Exercise: Repeat every line from the line containing "Kong RideTech Limited全资持股。" to the end of the data, exactly. Leave the pictures out.

Segment Start: Excerpted data

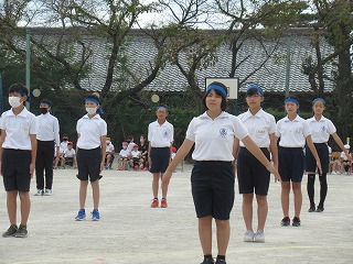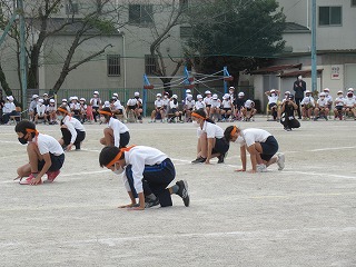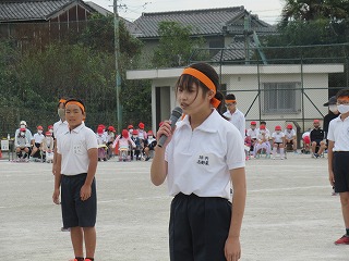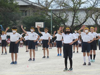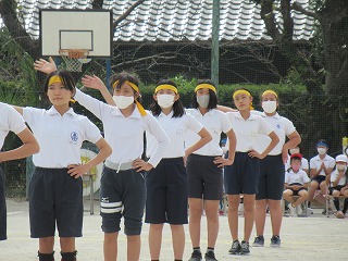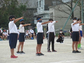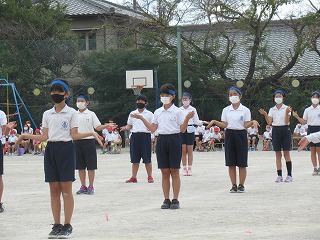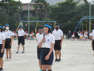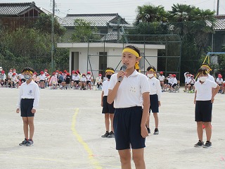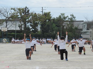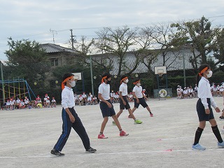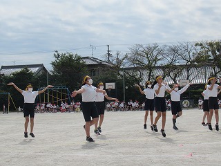 5・6年生の表現はダンスリーダーを中心に4つのグループに分かれ、披露されました。見ている子どもたちが思わず拍手をしたり、手拍子をうったり・・・。その演技に引きこまれていました。
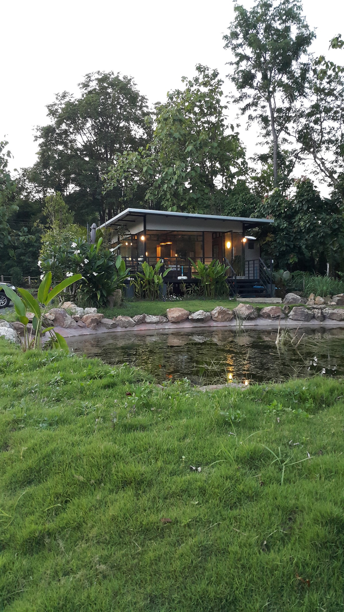 Encantador refugio enclavado en el corazón de las serenas montañas de Chiang Mai. Relájate en la tranquilidad de la naturaleza mientras descubres la combinación perfecta de comodidad y aislamiento. Situado junto a un suave arroyo, nuestro encantador alojamiento ofrece una melodía relajante de la sinfonía de la naturaleza. El ambiente se ve reforzado por un extenso estanque en frente, que ofrece una vista pintoresca que agrega un toque de magia a tu estancia. Imagina despertarte con el sonido del canto de los pájaros y el suave susurro de hojas que te rodea.
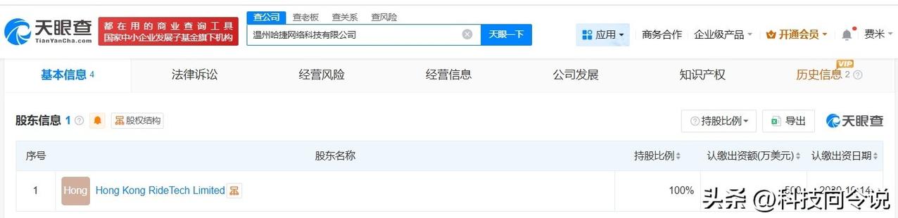 【哈啰出行在温州成立网络科技公司 注册资本500万美元】 天眼查App显示,近日,温州哈捷网络科技有限公司成立,法定代表人为邢成,注册资本500万美元,经营范围包括网络技术服务、机械设备租赁、共享自行车服务等。股东信息显示,该公司由哈啰出行旗下Hong Kong RideTech Limited全资持股。 天眼查信息:
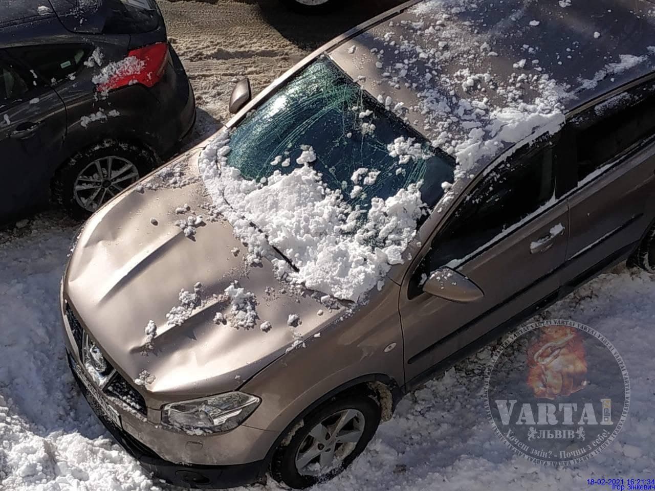 У четвер, 18 лютого, у Львові внаслідок падіння снігових брил зазнали пошкоджень три автомобілі, що стояли припаркованими.
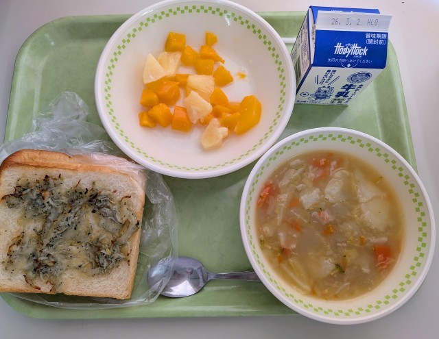 しらすのチーズトースト 牛乳 ポトフ フルーツポンチ
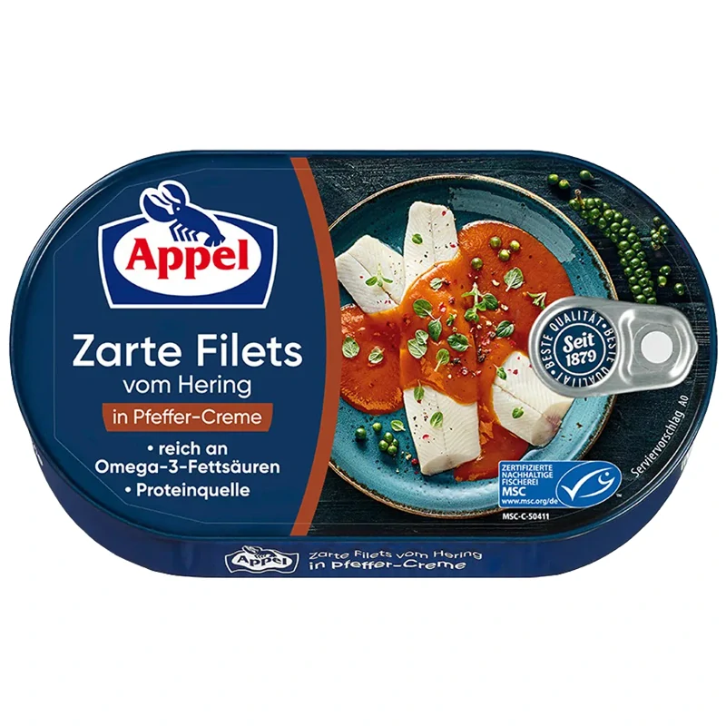APPEL ZARTE FILETS VOM HERING IN PFEFFER-CREME - Jemné filety ze sledě ve slaném, pikantním pepřovém krému.
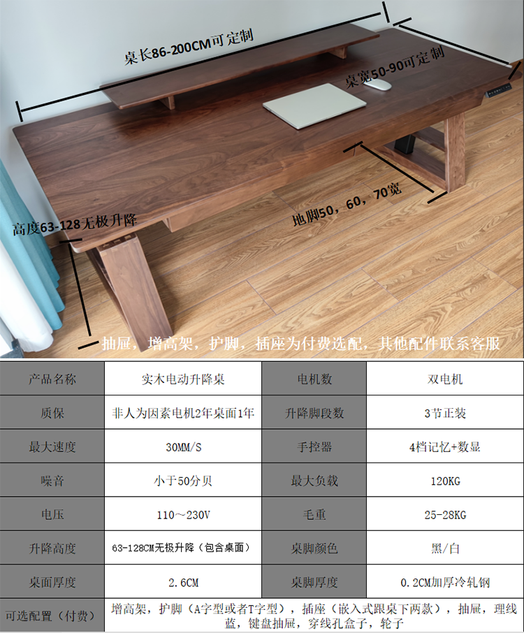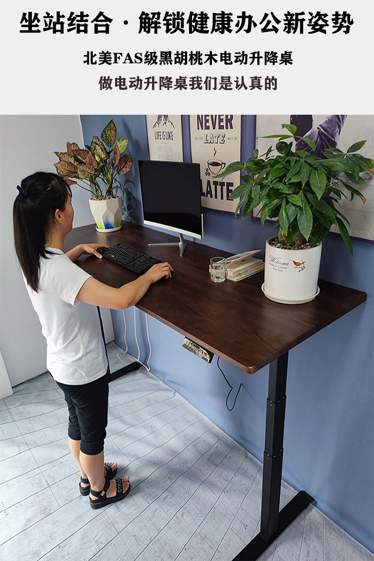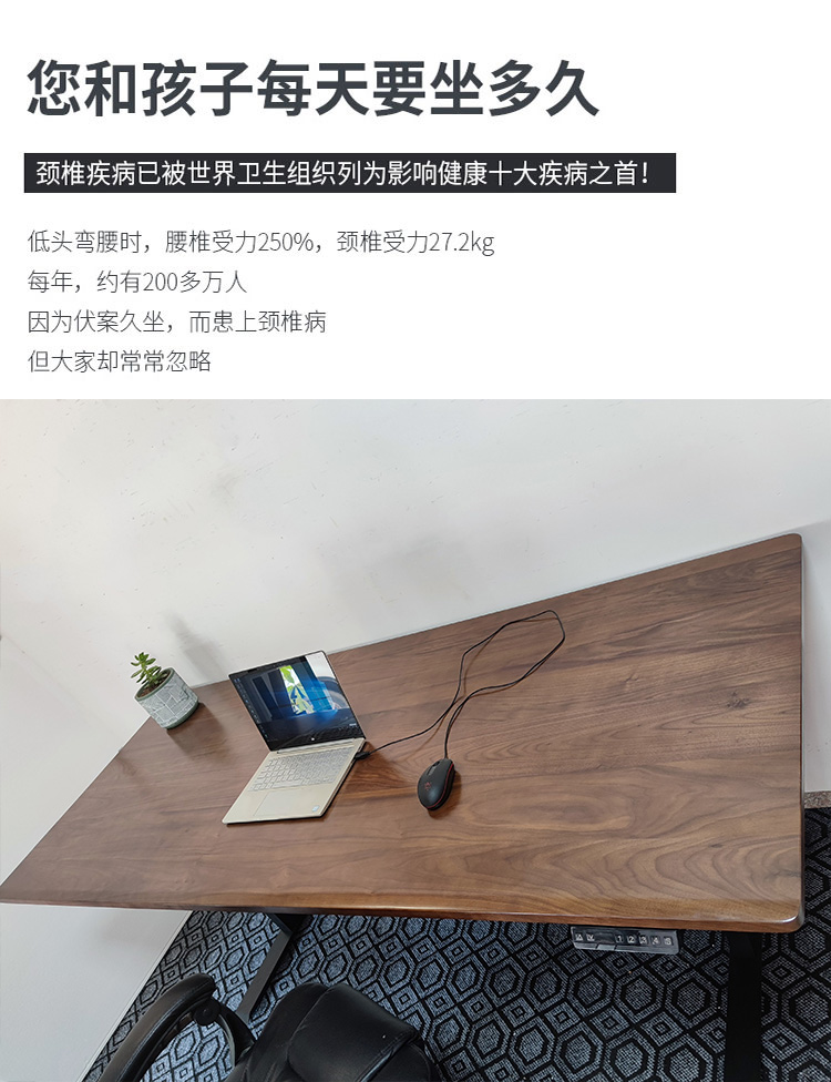 단단한 나무 전기 리프팅 테이블 작업대 블랙 호두 어린이 학습 서랍 책상 사무실 E 스포츠 컴퓨터 책상
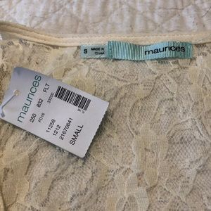 Cream tank top with lace detail. New with tags
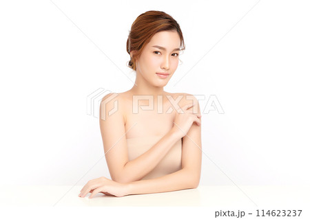 Beautiful young asian woman with clean fresh skin on white background, Face care, Facial treatment, Cosmetology, beauty and spa, Asian women portrait.
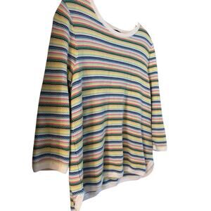 Talbots Women’s Knit Sweater Rainbow Stripe Zip Shoulder Size XL 3/4 Sleeves

Segment End: Excerpted data

Task solution:
 【哈啰出行在温州成立网络科技公司 注册资本500万美元】 天眼查App显示,近日,温州哈捷网络科技有限公司成立,法定代表人为邢成,注册资本500万美元,经营范围包括网络技术服务、机械设备租赁、共享自行车服务等。股东信息显示,该公司由哈啰出行旗下Hong Kong RideTech Limited全资持股。 天眼查信息:
 У четвер, 18 лютого, у Львові внаслідок падіння снігових брил зазнали пошкоджень три автомобілі, що стояли припаркованими.
 しらすのチーズトースト 牛乳 ポトフ フルーツポンチ
APPEL ZARTE FILETS VOM HERING IN PFEFFER-CREME - Jemné filety ze sledě ve slaném, pikantním pepřovém krému.
 단단한 나무 전기 리프팅 테이블 작업대 블랙 호두 어린이 학습 서랍 책상 사무실 E 스포츠 컴퓨터 책상
 Cream tank top with lace detail. New with tags
 Beautiful young asian woman with clean fresh skin on white background, Face care, Facial treatment, Cosmetology, beauty and spa, Asian women portrait.
 Talbots Women’s Knit Sweater Rainbow Stripe Zip Shoulder Size XL 3/4 Sleeves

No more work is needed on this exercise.